** Task requirements **
From the line containing "The pineapple brings" through the end of the entries, please repeat every line exactly and nothing more; the pictures do not belong in the copy.

☆ ☆ ☆ ☆ ☆ ☆ ☆

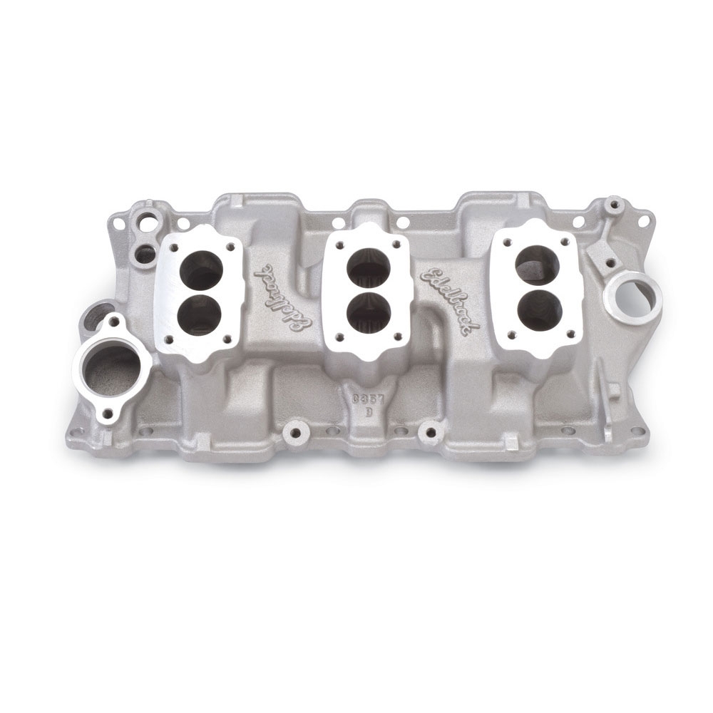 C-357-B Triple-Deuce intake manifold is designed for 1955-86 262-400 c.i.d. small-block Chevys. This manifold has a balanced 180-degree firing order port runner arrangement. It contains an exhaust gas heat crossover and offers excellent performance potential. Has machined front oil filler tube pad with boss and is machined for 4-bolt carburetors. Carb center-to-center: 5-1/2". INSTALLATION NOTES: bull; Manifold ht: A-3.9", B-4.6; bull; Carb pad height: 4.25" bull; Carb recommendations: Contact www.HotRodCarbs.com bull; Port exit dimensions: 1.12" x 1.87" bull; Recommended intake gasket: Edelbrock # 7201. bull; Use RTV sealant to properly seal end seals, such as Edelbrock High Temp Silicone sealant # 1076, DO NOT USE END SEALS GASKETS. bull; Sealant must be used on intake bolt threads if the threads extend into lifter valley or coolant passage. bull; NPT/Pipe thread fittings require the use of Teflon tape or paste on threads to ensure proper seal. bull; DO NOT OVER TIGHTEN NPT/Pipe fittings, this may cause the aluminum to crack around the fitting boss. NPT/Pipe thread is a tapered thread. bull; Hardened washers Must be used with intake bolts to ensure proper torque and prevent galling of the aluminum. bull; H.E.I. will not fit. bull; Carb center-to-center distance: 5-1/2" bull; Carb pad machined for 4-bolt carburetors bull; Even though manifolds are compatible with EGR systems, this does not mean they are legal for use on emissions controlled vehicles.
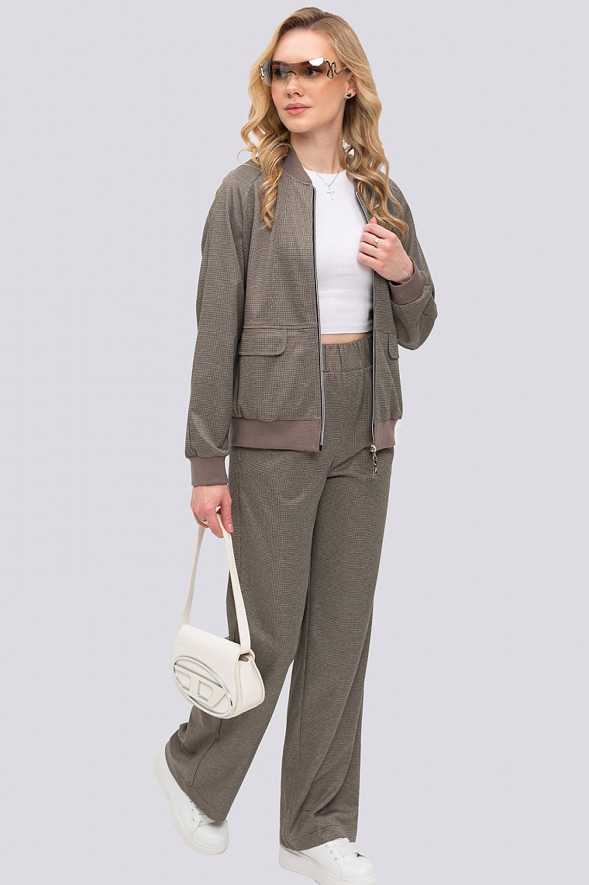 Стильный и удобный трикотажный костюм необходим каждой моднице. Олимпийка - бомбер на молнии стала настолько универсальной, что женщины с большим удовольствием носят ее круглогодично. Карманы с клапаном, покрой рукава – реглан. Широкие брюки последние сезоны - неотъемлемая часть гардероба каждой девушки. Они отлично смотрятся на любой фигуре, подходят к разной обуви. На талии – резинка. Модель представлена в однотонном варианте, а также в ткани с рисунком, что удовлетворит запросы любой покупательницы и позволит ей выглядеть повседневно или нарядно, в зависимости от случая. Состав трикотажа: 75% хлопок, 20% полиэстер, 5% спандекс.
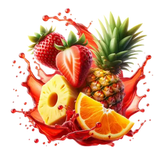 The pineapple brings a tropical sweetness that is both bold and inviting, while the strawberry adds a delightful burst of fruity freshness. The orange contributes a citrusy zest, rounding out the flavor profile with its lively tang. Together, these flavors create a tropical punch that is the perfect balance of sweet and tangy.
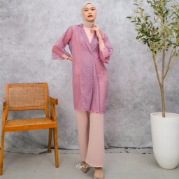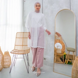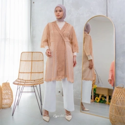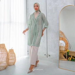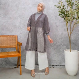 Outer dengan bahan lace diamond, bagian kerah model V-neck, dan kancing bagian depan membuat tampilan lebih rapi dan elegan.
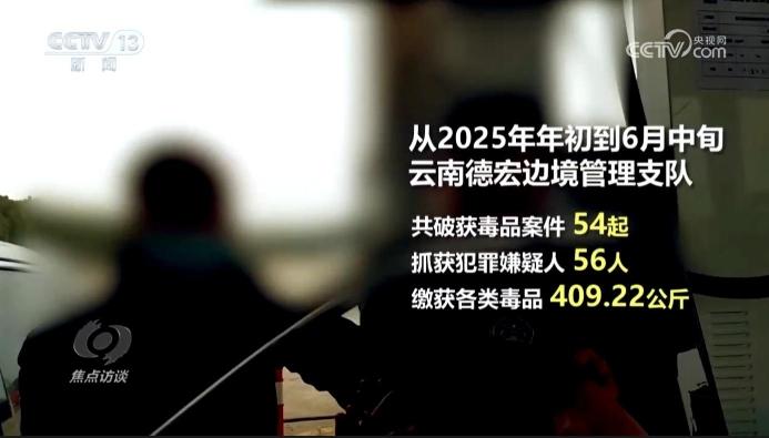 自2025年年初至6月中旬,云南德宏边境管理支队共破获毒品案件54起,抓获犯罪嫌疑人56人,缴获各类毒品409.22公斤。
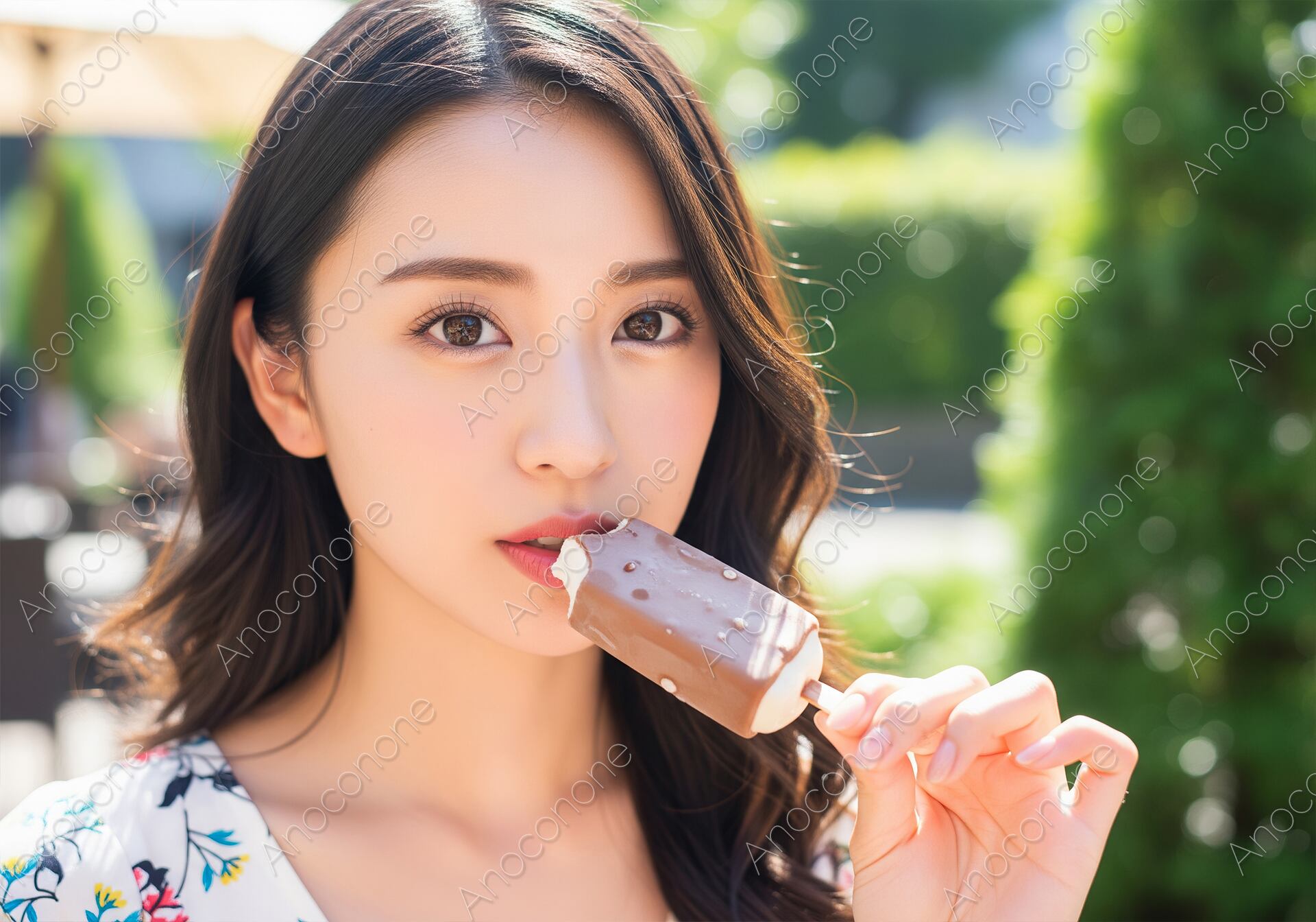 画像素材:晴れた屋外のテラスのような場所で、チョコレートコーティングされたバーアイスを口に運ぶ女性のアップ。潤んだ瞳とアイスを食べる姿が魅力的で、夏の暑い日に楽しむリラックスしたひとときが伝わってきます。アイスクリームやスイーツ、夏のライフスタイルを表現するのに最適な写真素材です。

☆ ☆ ☆ ☆ ☆ ☆ ☆

** Answer to this problem **
 The pineapple brings a tropical sweetness that is both bold and inviting, while the strawberry adds a delightful burst of fruity freshness. The orange contributes a citrusy zest, rounding out the flavor profile with its lively tang. Together, these flavors create a tropical punch that is the perfect balance of sweet and tangy.
 Outer dengan bahan lace diamond, bagian kerah model V-neck, dan kancing bagian depan membuat tampilan lebih rapi dan elegan.
 自2025年年初至6月中旬,云南德宏边境管理支队共破获毒品案件54起,抓获犯罪嫌疑人56人,缴获各类毒品409.22公斤。
 画像素材:晴れた屋外のテラスのような場所で、チョコレートコーティングされたバーアイスを口に運ぶ女性のアップ。潤んだ瞳とアイスを食べる姿が魅力的で、夏の暑い日に楽しむリラックスしたひとときが伝わってきます。アイスクリームやスイーツ、夏のライフスタイルを表現するのに最適な写真素材です。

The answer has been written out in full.